### WORK TO BE COMPLETED
Return the listing that follows exactly, with no pictures included.

### DATASET EXCERPT

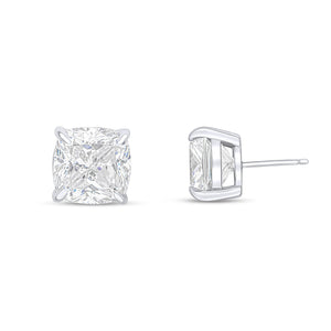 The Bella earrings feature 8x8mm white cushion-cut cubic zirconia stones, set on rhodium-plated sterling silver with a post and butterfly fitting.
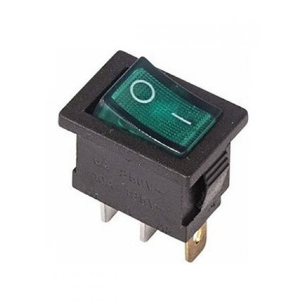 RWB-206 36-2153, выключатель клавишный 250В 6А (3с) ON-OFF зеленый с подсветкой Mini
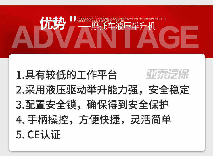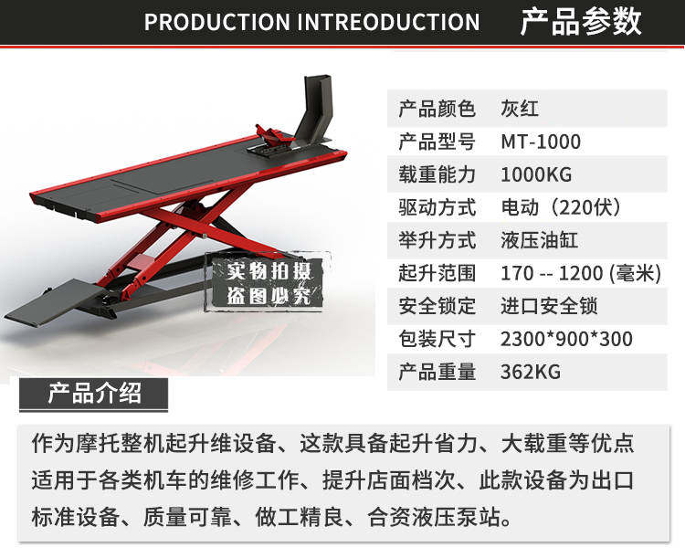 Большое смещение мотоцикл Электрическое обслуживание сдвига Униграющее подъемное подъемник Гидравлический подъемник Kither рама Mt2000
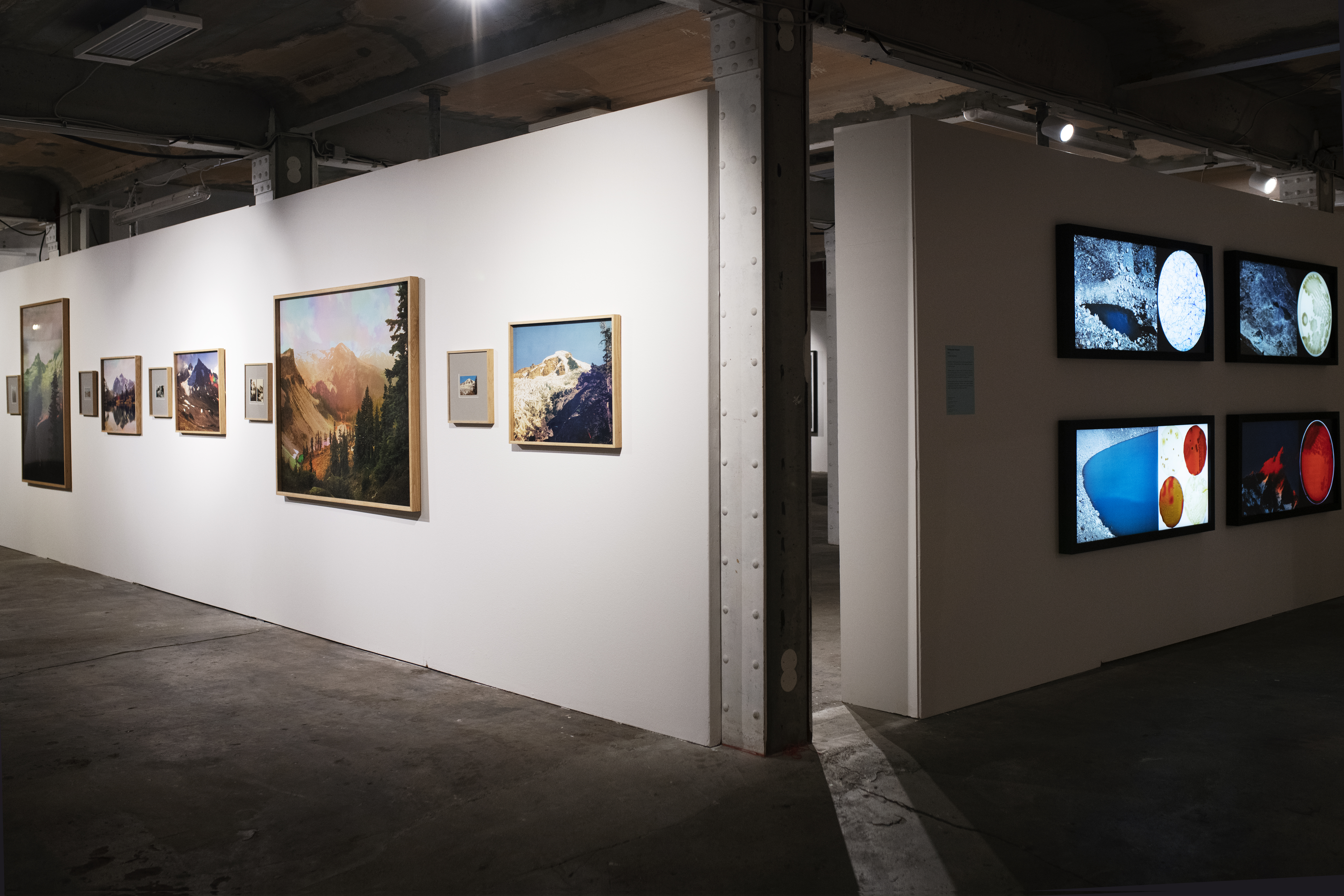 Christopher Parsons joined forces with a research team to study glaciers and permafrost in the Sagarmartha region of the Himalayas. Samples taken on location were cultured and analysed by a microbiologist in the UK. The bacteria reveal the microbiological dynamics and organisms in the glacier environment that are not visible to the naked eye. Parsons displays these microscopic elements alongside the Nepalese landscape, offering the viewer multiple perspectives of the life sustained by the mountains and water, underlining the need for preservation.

### THE COMPLETED TASK
 The Bella earrings feature 8x8mm white cushion-cut cubic zirconia stones, set on rhodium-plated sterling silver with a post and butterfly fitting.
 RWB-206 36-2153, выключатель клавишный 250В 6А (3с) ON-OFF зеленый с подсветкой Mini
 Большое смещение мотоцикл Электрическое обслуживание сдвига Униграющее подъемное подъемник Гидравлический подъемник Kither рама Mt2000
 Christopher Parsons joined forces with a research team to study glaciers and permafrost in the Sagarmartha region of the Himalayas. Samples taken on location were cultured and analysed by a microbiologist in the UK. The bacteria reveal the microbiological dynamics and organisms in the glacier environment that are not visible to the naked eye. Parsons displays these microscopic elements alongside the Nepalese landscape, offering the viewer multiple perspectives of the life sustained by the mountains and water, underlining the need for preservation.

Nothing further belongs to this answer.